Le matériel est, comme défini dans un message X des démocrates du comité de surveillance de la Chambre, « un regard poignant derrière les portes closes d'Epstein ». « Voyez par vous-même. Nous n'abandonnerons pas le combat tant que nous n'aurons pas mis fin à cette dissimulation et rendu justice aux survivants », conclut le message. En réalité, il n'y a pas grand chose à découvrir pour ceux qui suivent l'affaire depuis des années : documentaires et enquêtes journalistiques publiés à cette époque ont déjà diffusé des images de l'île ces dernières années.

Ils ont reçu les images et les vidéos des héritiers d'Epstein, la même source qui leur a fourni ces derniers mois, à la suite d'une décision de justice, des dizaines de milliers de courriels privés ou le livre de félicitations pour le 50e anniversaire du pédophile préparé pour lui par Ghislaine Maxwell, qui fête ses 20 ans pour sa complicité dans les crimes du financier, sur la base des contributions d'amis de l'honoré. Ce livre comprend un dessin ridicule de Donald Trump, dont il nie être le sien. Cela vient de l’époque où tous deux entretenaient une relation étroite.

Le représentant démocrate Robert García a expliqué ce mercredi dans un communiqué que la commission dont il est membre a également reçu des dossiers de JP Morgan et de Deutsche Bank, deux banques avec lesquelles Epstein a travaillé, et que les membres de son parti envisagent de publier ces dossiers « dans les prochains jours », après leur examen.

« Ces nouvelles images offrent un regard troublant sur le monde de Jeffrey Epstein et de son île. Nous publions ces photos et vidéos pour garantir la transparence publique de notre enquête et aider à dresser un tableau complet des crimes horribles d'Epstein », a déclaré Garcia. « Il est temps pour le président Trump de rendre publics tous les dossiers, maintenant ! »

Le ministère de la Justice a jusqu'au 19 décembre pour se conformer à l'obligation de diffuser les dossiers en sa possession sur Epstein, établie par une loi approuvée à une écrasante majorité des deux chambres et signée ensuite par le président des États-Unis.

Le rôle de Bondi

L'Epstein Files Transparency Act ordonne au procureur général Pam Bondi de publier des documents non classifiés liés au pédophile millionnaire. Bondi a changé d'avis en juillet quant à la publication de ces documents après avoir promis pendant des mois de divulguer les documents d'Epstein.

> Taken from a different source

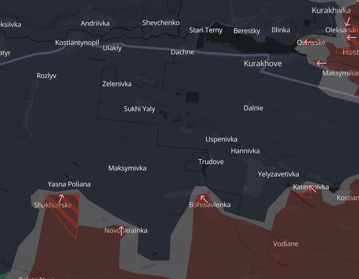 При цьому російські паблики заявляють, що їхні війська планують з боку Богоявленки повернути на захід, щоб відрізати український гарнізон у Новоукраїнці та посилити тиск з боку Ясної Поляни у напрямку Константинополя.
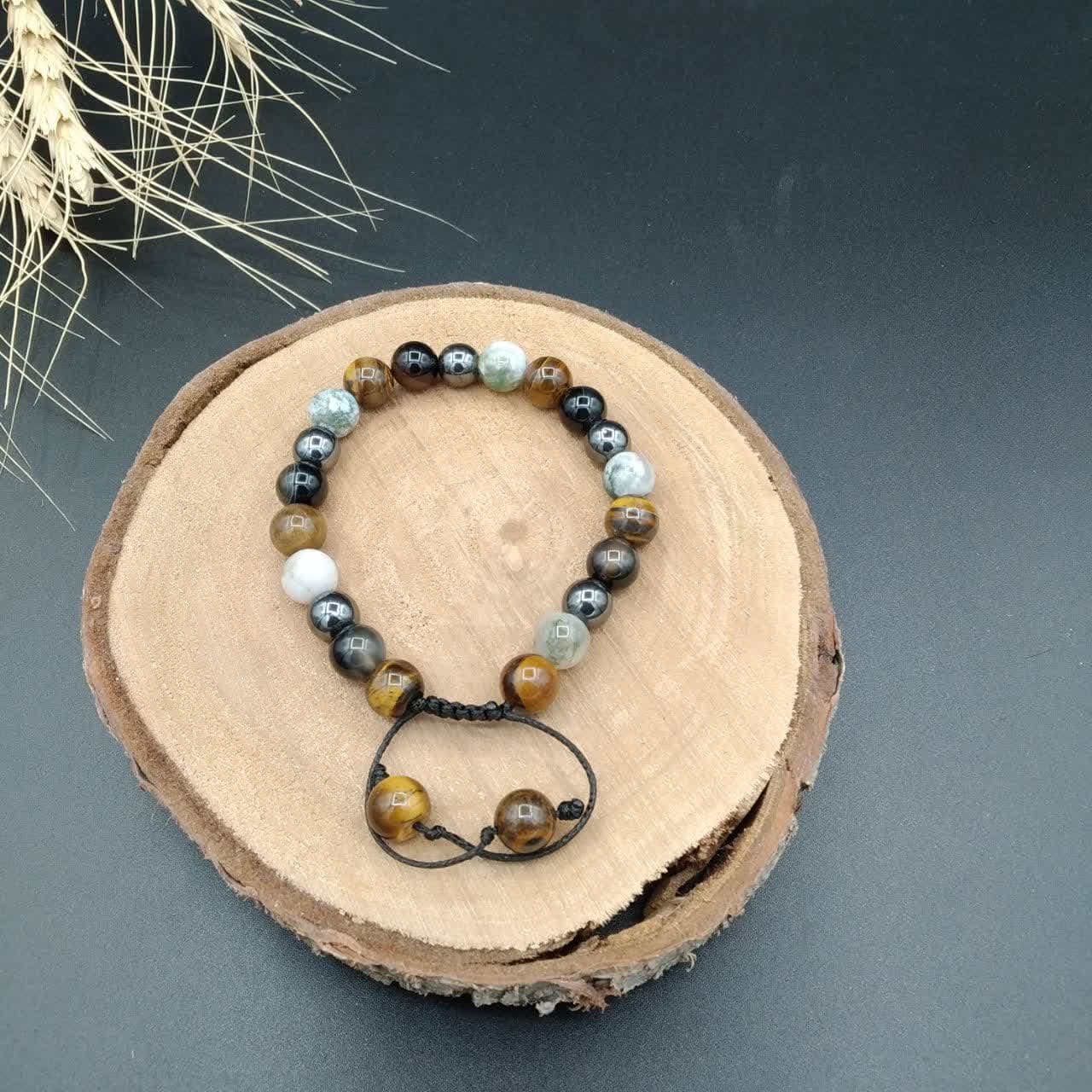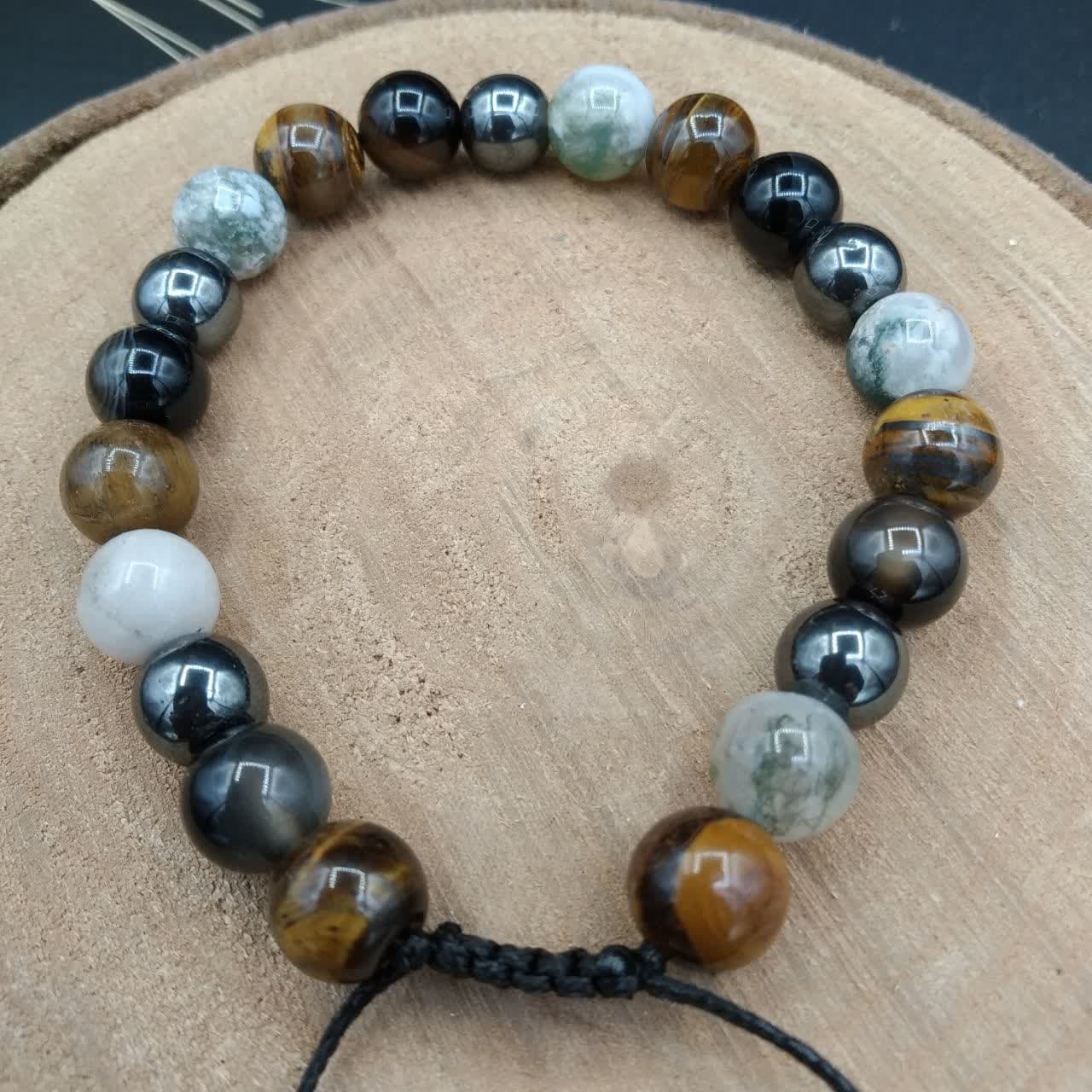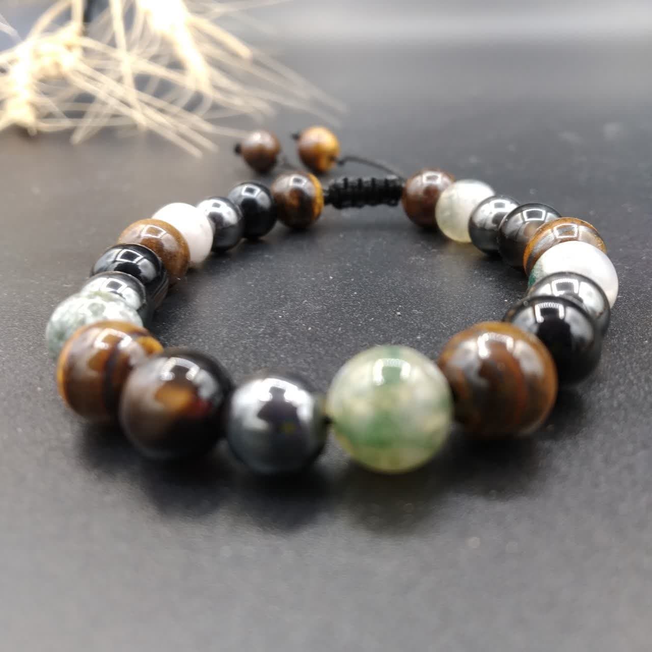 دستبند حدید ، عقیق ، عقیق شجر خزه و چشم ببر اصل معدنی کد 8958

Cette divulgation doit être, selon la règle, « systématique » et inclure tous les documents en possession du ministère de la Justice. Il s'agit d'une collection de fichiers variée et infinie. Il s'agit de millions de pages, parmi lesquelles des carnets de vol, des communications personnelles, des rapports internes, des métadonnées, des accords d'immunité, des contrats des employés du financier ou encore des courriels avec son cercle d'influence.

La loi exige également que les documents publiés soient facilement consultables et téléchargeables. Et il autorise le ministère de la Justice à censurer les informations pouvant être compromettantes pour les victimes, les documents décrivant des abus sexuels sur mineurs, les images choquantes ou les données susceptibles de compromettre une enquête active. Bondi est tenu de justifier ces censures et demande au Congrès de soumettre un rapport supplémentaire détaillant le contenu dans les 15 jours suivant la publication.

Toutes ces exceptions ont suscité l'inquiétude des victimes, qui craignent qu'elles ne servent à faire de cette nouvelle déclassification un autre chapitre de l'histoire des déceptions accumulées dans cette affaire par ceux qui veulent que l'on clarifie une fois pour toutes jusqu'où est allé le réseau de trafic sexuel d'Epstein et quels hommes riches et puissants y ont participé ou, du moins, avaient connaissance des crimes du pédophile et de sa complice, Ghislaine Maxwell.